The Origins of The Federal Kidnapping Act
Established in 1932, the Federal Kidnapping Act came at the time of a criminal scandal that sent chills down the spine of the entire nation: the kidnapping and murder of the son of famous pilot, Charles Lindbergh. Unfortunately, because of this famous victim, the Federal Kidnapping Act is also known as the “Little Lindbergh Law.”
On March 1st, 1932, Charles Lindbergh, Jr. was just 20 months only. Not long after he was placed in his crib, a loud noise was heard from his room and soon those that were home discovered the child was missing. A ransom note was discovered, demanding $50,000. It may not seem like a lot of money now, but back then, it was quite a demand. The kidnapper also left a few pieces of evidence at the scene. The evidence included a few footprints and a few pieces of a wooden ladder device that allowed the kidnapper to climb up to the second story where the child’s room was.
News of the kidnapping spread across the nation rapidly, and it didn’t take long for an investigation to begin in New Jersey, where the Lindbergh family resided. Although the crime scene occurred in New Jersey and there was no legal jurisdiction for it, the Attorney General and the President of the United States at the time, Herbert Hoover, both agreed to use the resources of the United States Department of Justice to help the case. It didn’t’ take long for federal authorities to get their full clearance, because the federal government passed the Federal Kidnapping Act in just 19 days.
While the ransom was paid using soon-to-be-removed gold certificates and bills with recorded serial numbers, the outcome was tragic. The body of a young Charles Lindbergh, Jr. was found not long after. Apparently, the child was murdered due to a blow to the head.
Investigators noticed that over the course of more than two years, many of the bills with matching serial numbers to the ones used for ransom were spent in New York City. Even some of the gold certificates were being found at financial institutions. Eventually, authorities tracked down German immigrant, Richard Hauptmann. Hauptmann had a criminal record back in his native country, and a search of his home revealed evidence crucial to the murder of Charles Lindbergh, Jr.

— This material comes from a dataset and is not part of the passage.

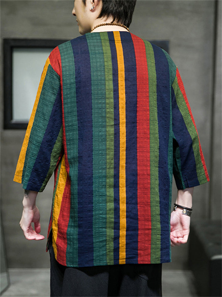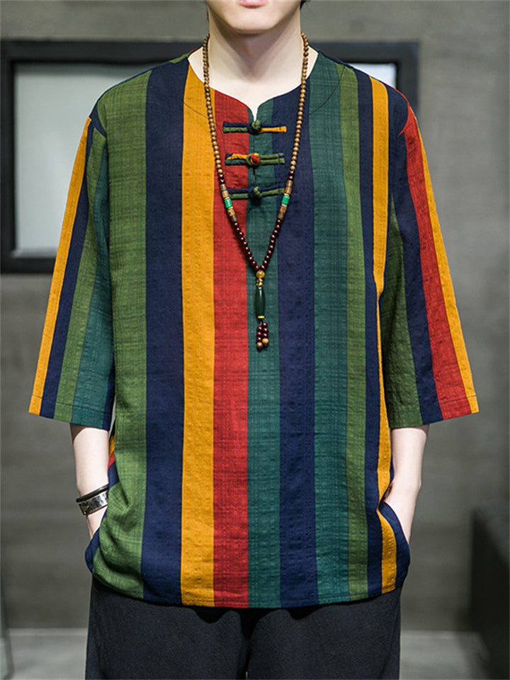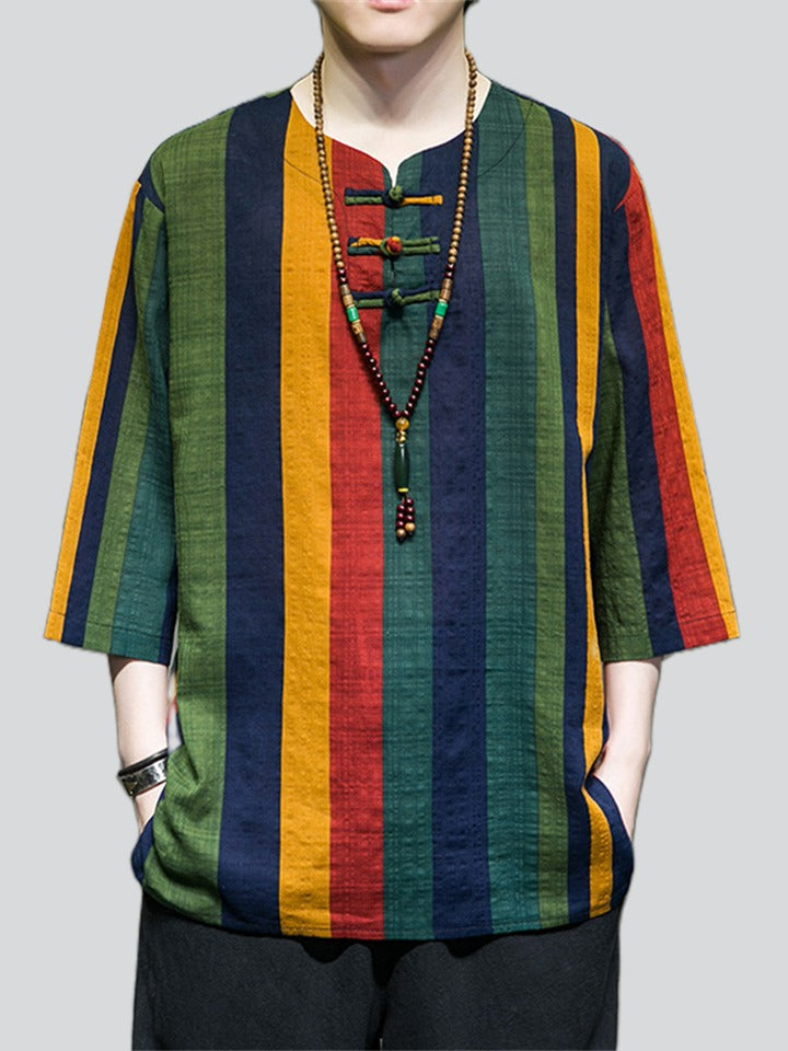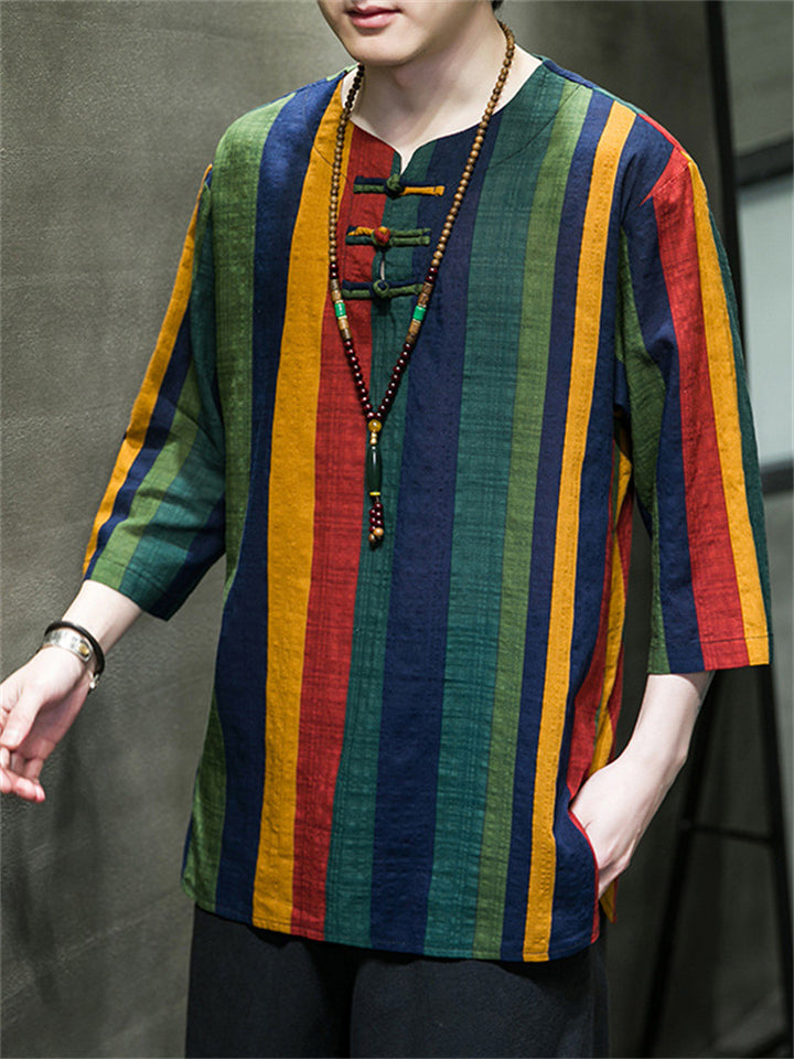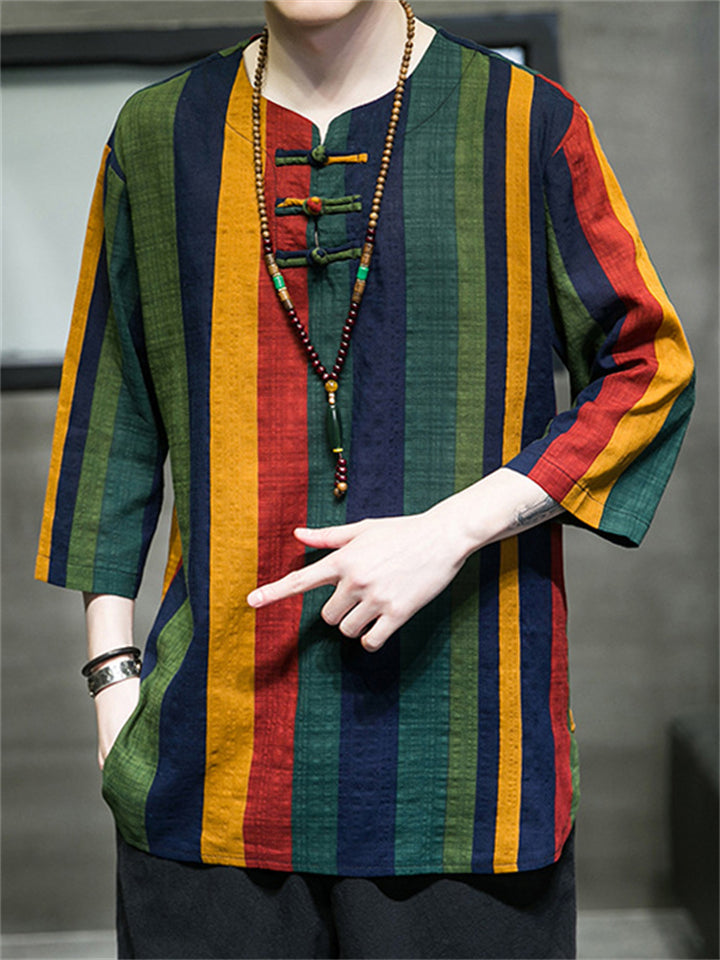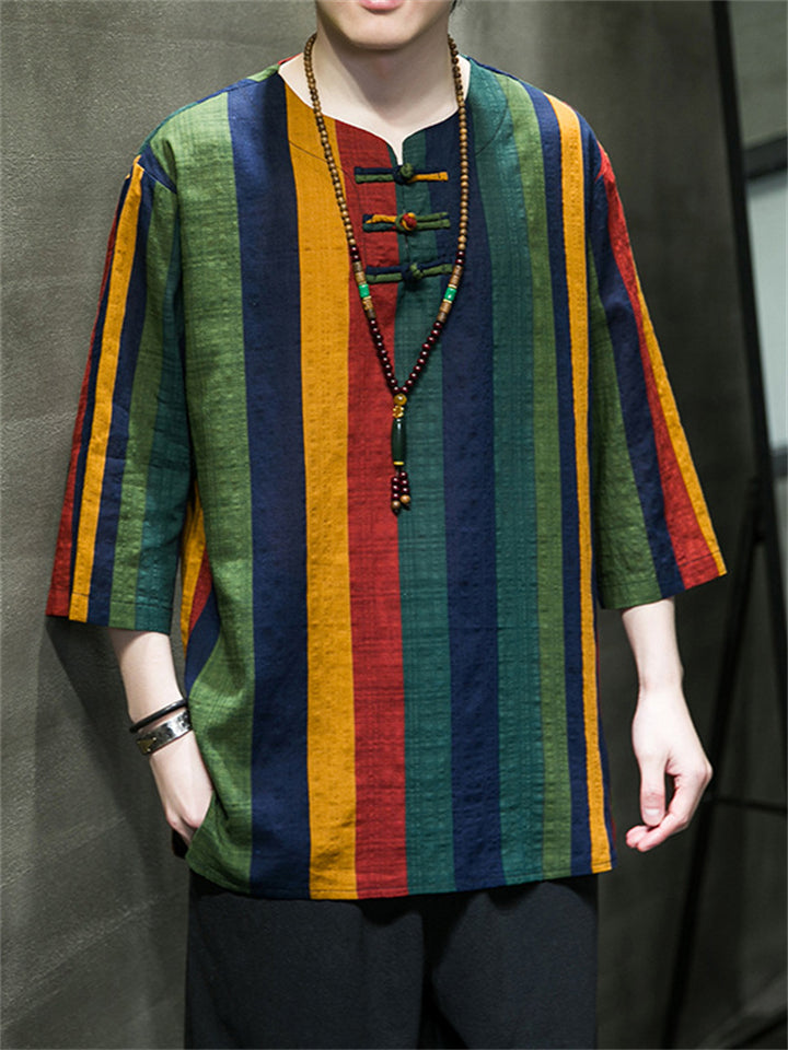 Men's Vintage Summer Solid Color 3/4 Sleeve Stand Collar Shirts

Inside his residence, authorities found more than $14,000 of the original ransom money, and wood that matched the material used to assemble the ladder device involved in the kidnapping. Richard Hauptmann was arrested, tried, convicted, and then executed in 1936—a little over four years after the kidnapping and murder.
The Federal Kidnapping Act
Because there was no legal authority that allowed the federal government to step in at any particular time, the murder of Charles Lindbergh, Jr. led to Congress moving swiftly to enable the Department of Justice to act once more than one state are involved.
Section 1201 of the U.S. Code contains this federal statute. Some of the exact language of the law reads “Attorney General may request assistance from any Federal, State, or local agency, including the Army, Navy, and Air Force, any statute, rule, or regulation to the contrary notwithstanding. (g) Special Rule for Certain Offenses Involving Children. – (1) To whom applicable. – If – (A) the victim of an offense under this section has not attained the age of eighteen years; and (B) the offender – (i) has attained such age; and (ii) is not – (I) a parent; (II) a grandparent; (III) a brother; (IV) a sister; (V) an aunt; (VI) an uncle; or (VII) an individual having legal custody of the victim; the sentence under this section for such offense shall include imprisonment for not less than 20 years. [(2) Repealed. Pub. L. 108-21, title I, Sec. 104(b), Apr. 30, 2003, 117 Stat. 653.] (h) As used in this section, the term “parent” does not include a person whose parental rights with respect to the victim of an offense under this section have been terminated by a final court order.”